TASK:
Give again, word for word, the lines below that run from the line with "今天是农历腊月初八,腊八一到" through the line with "这些都是2025年高考理科3". Drop the pictures.

EXTRACTED MATERIAL:
┄┄┄┄┄┄

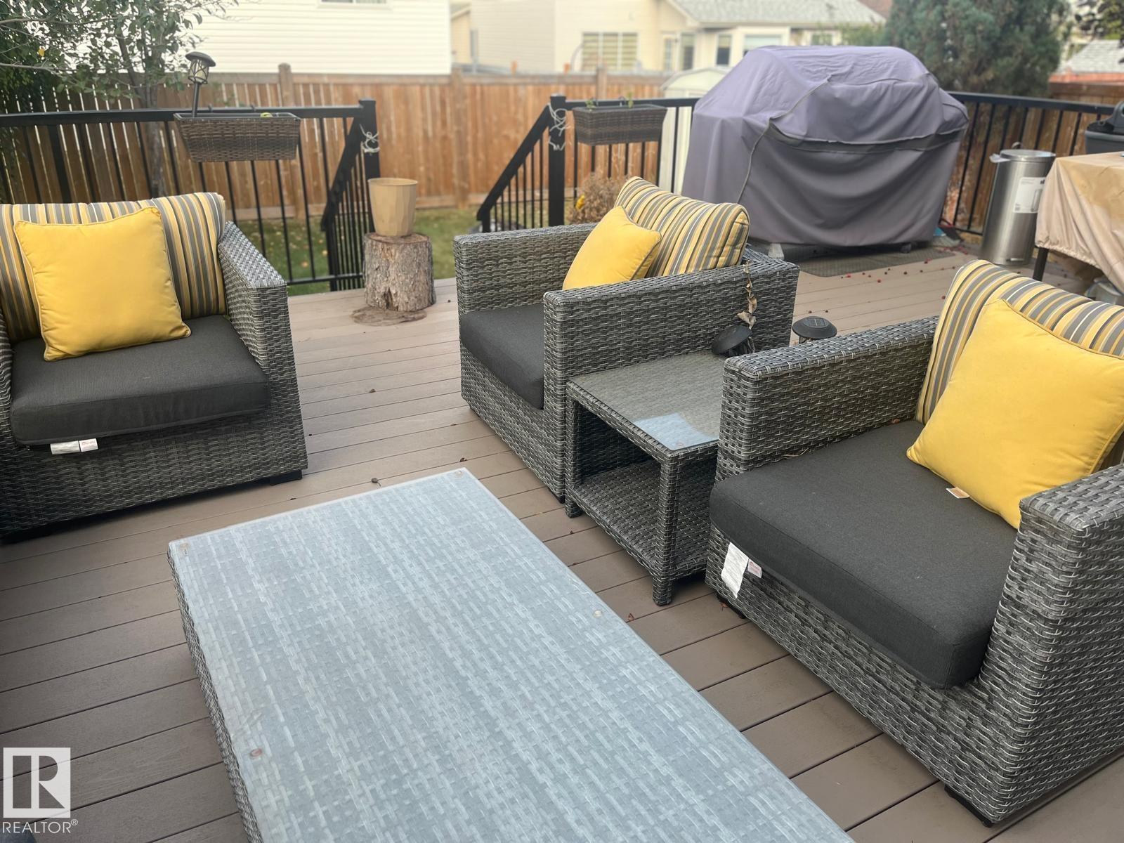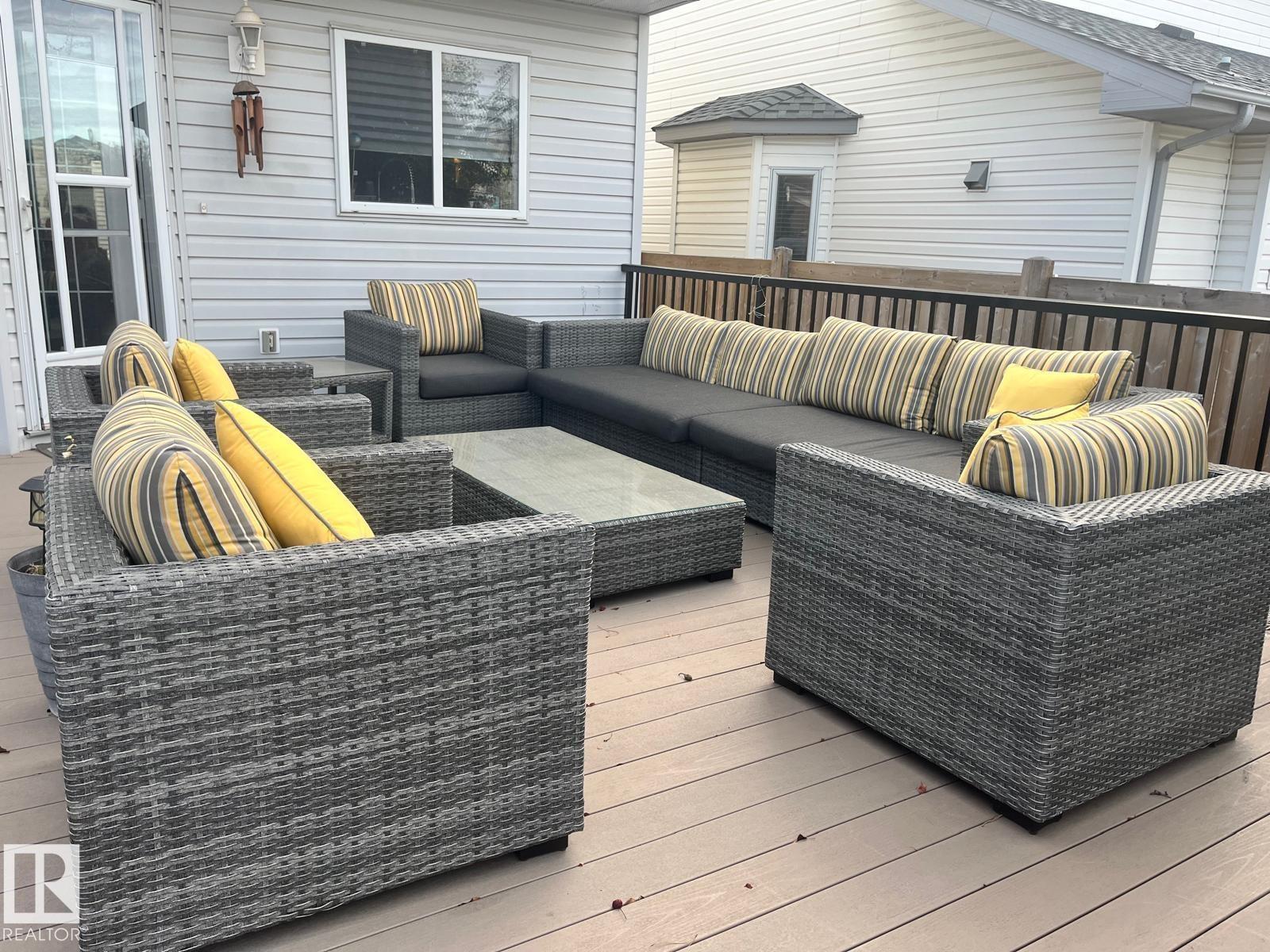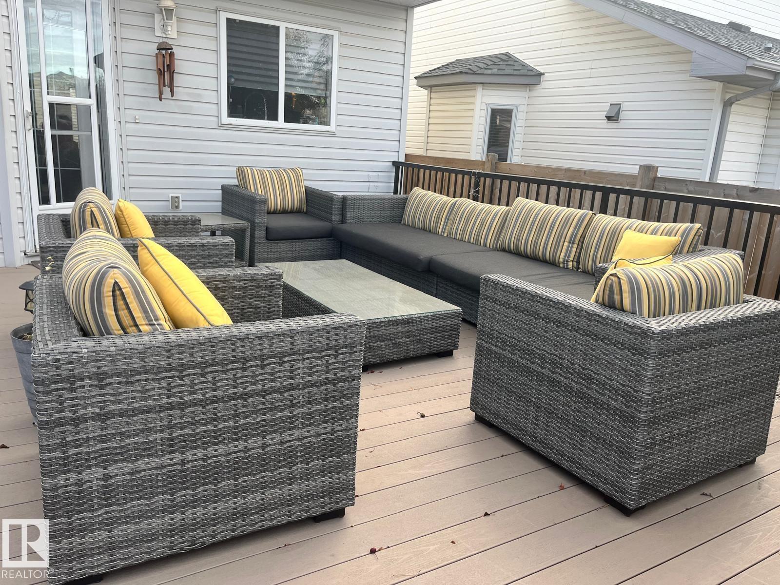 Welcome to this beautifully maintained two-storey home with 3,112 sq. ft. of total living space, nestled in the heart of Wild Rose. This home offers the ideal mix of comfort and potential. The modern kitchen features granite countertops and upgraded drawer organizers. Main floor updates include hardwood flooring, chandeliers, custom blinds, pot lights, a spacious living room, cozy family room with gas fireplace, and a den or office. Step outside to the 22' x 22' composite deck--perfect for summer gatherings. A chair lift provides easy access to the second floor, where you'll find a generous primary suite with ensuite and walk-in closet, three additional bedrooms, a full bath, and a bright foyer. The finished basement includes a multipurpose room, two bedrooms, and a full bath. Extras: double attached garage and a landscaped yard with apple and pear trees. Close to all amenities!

┄┄┄┄┄┄

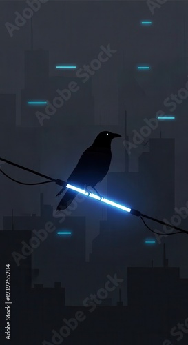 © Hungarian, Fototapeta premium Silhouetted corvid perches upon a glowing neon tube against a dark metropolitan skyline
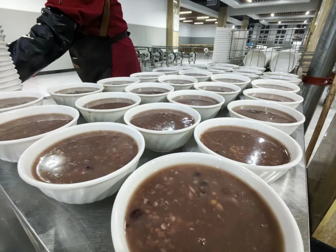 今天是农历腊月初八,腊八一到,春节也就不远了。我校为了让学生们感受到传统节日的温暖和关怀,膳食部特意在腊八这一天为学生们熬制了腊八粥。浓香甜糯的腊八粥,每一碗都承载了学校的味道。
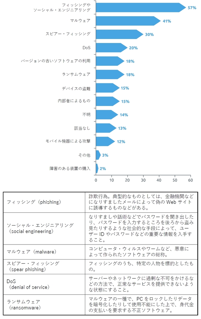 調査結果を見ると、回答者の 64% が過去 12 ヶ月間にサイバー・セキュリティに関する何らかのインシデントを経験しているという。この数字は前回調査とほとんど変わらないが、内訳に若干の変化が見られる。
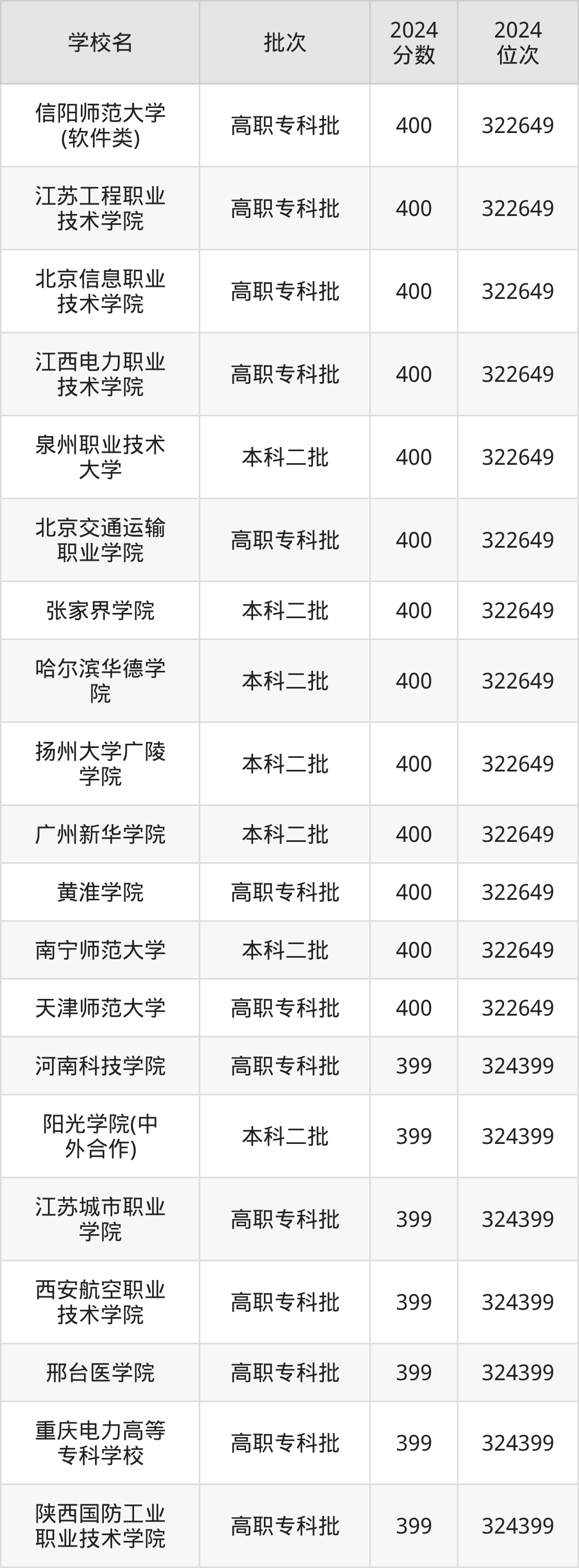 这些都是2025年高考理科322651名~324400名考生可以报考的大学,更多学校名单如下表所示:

┄┄┄┄┄┄

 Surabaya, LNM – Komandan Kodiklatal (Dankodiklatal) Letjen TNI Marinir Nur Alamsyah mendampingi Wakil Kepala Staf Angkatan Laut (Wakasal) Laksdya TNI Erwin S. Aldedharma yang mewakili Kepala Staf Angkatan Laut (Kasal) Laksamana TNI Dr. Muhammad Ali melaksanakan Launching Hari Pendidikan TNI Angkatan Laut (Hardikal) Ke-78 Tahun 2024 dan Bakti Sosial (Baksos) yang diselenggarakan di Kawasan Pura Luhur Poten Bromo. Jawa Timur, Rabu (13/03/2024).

┄┄┄┄┄┄

RESPONSE AREA:
 今天是农历腊月初八,腊八一到,春节也就不远了。我校为了让学生们感受到传统节日的温暖和关怀,膳食部特意在腊八这一天为学生们熬制了腊八粥。浓香甜糯的腊八粥,每一碗都承载了学校的味道。
 調査結果を見ると、回答者の 64% が過去 12 ヶ月間にサイバー・セキュリティに関する何らかのインシデントを経験しているという。この数字は前回調査とほとんど変わらないが、内訳に若干の変化が見られる。
 这些都是2025年高考理科322651名~324400名考生可以报考的大学,更多学校名单如下表所示:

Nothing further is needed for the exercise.